[Data extracted from a collection]
┌────────
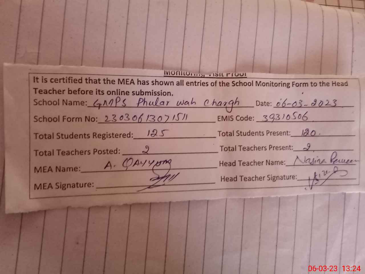 | Attendance Register | Head Teacher | MEA with School | Visit Proof |
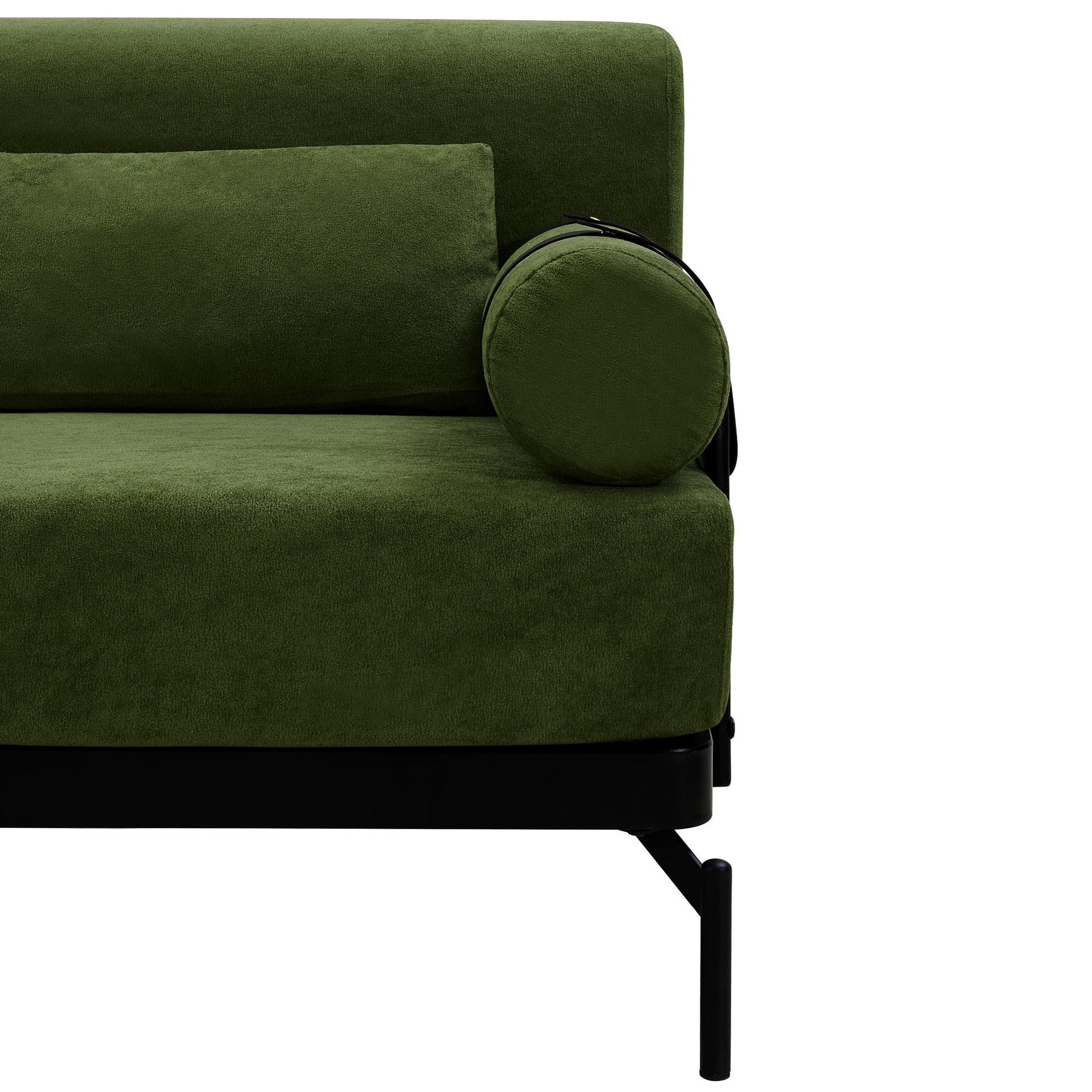Modern Loveseat Sofa 2 Seater With USB Ports, Cylindrical Armrests - Green
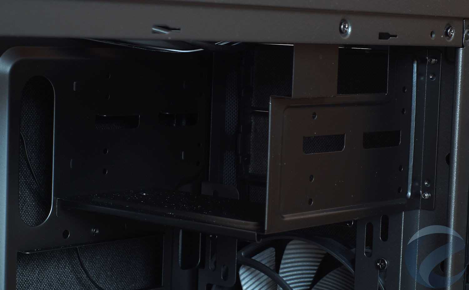Обратная сторона поддона – это место для проводки кабелей и установки 2 х 2.5″ накопителей. Еще одним элементом удешевления конструкции является отсутствие резиновых вставок на отверстиях для кабельменеджмента, поэтому края завальцованы.
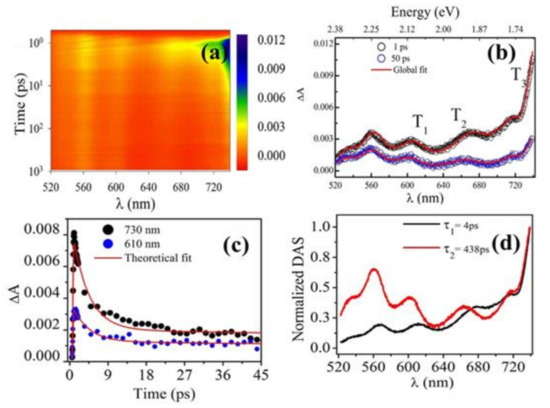 (a) 2D contour plot of TA spectra of GeSe2 thin film for probe delays in ps time domain. (b) TA spectra at different probe delays at ps time. (c) Temporal evolution of TA at 730 and 610 nm along with theoretical fit (red line). (d) Normalized decay associated spectra (DAS) in ps time delays. All Figures are reprinted with permission from [15] Copyright 2014, Springer Nature.
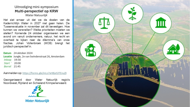 De avond wordt georganiseerd door de Water Natuurlijk regio's Noordwest, Rijnland en Schieland Krimpenerwaard.
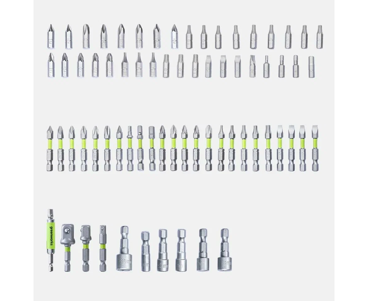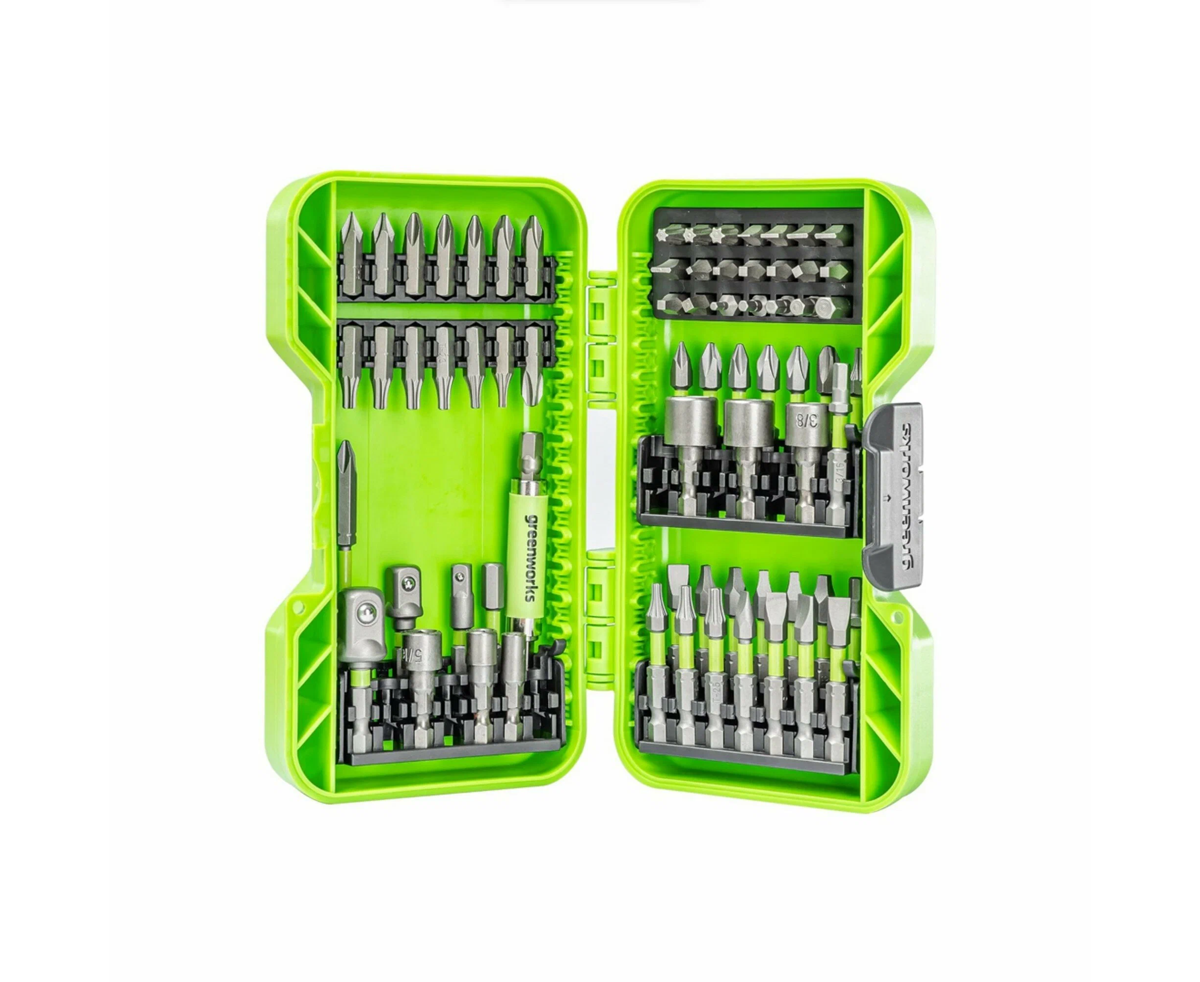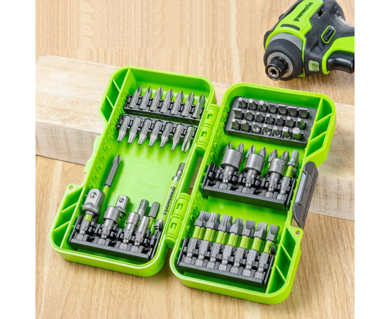 Набор бит, торцевых головок и адаптеров в кейсе Greenworks арт. 2944407, 70 шт.
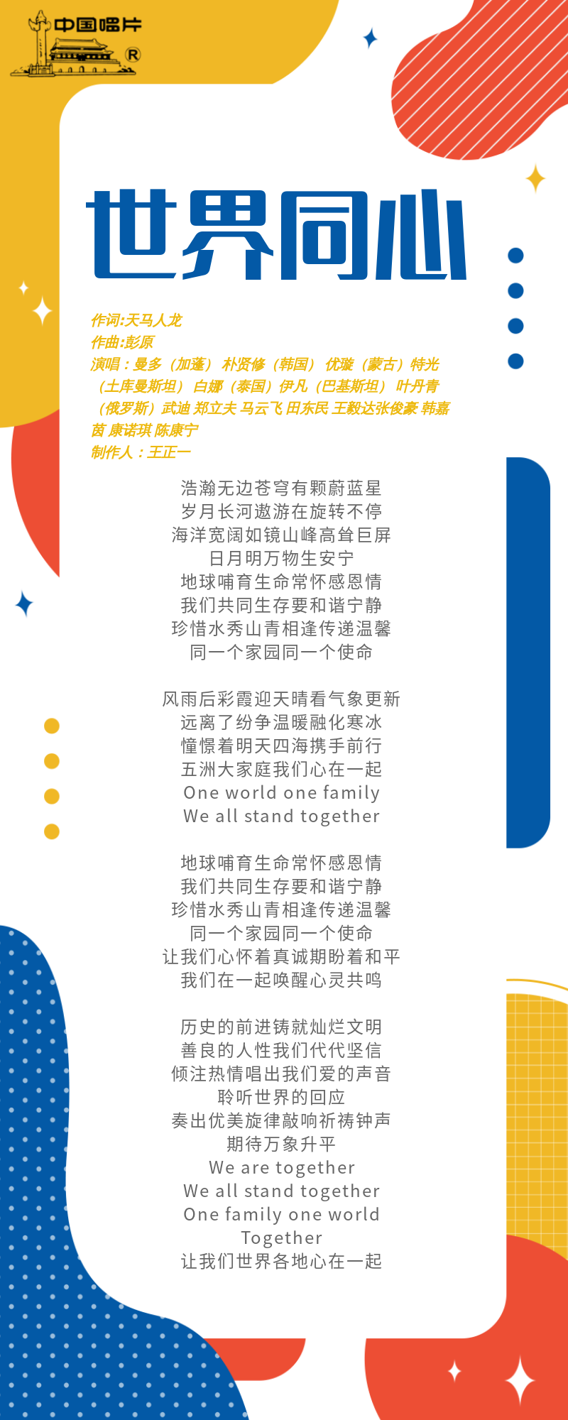 【世界同心】歌曲简介
└────────
### Try it:
Here the job is to print the data above exactly, except for any pictures.

### Answer area:
 | Attendance Register | Head Teacher | MEA with School | Visit Proof |
Modern Loveseat Sofa 2 Seater With USB Ports, Cylindrical Armrests - Green
Обратная сторона поддона – это место для проводки кабелей и установки 2 х 2.5″ накопителей. Еще одним элементом удешевления конструкции является отсутствие резиновых вставок на отверстиях для кабельменеджмента, поэтому края завальцованы.
 (a) 2D contour plot of TA spectra of GeSe2 thin film for probe delays in ps time domain. (b) TA spectra at different probe delays at ps time. (c) Temporal evolution of TA at 730 and 610 nm along with theoretical fit (red line). (d) Normalized decay associated spectra (DAS) in ps time delays. All Figures are reprinted with permission from [15] Copyright 2014, Springer Nature.
 De avond wordt georganiseerd door de Water Natuurlijk regio's Noordwest, Rijnland en Schieland Krimpenerwaard.
 Набор бит, торцевых головок и адаптеров в кейсе Greenworks арт. 2944407, 70 шт.
 【世界同心】歌曲简介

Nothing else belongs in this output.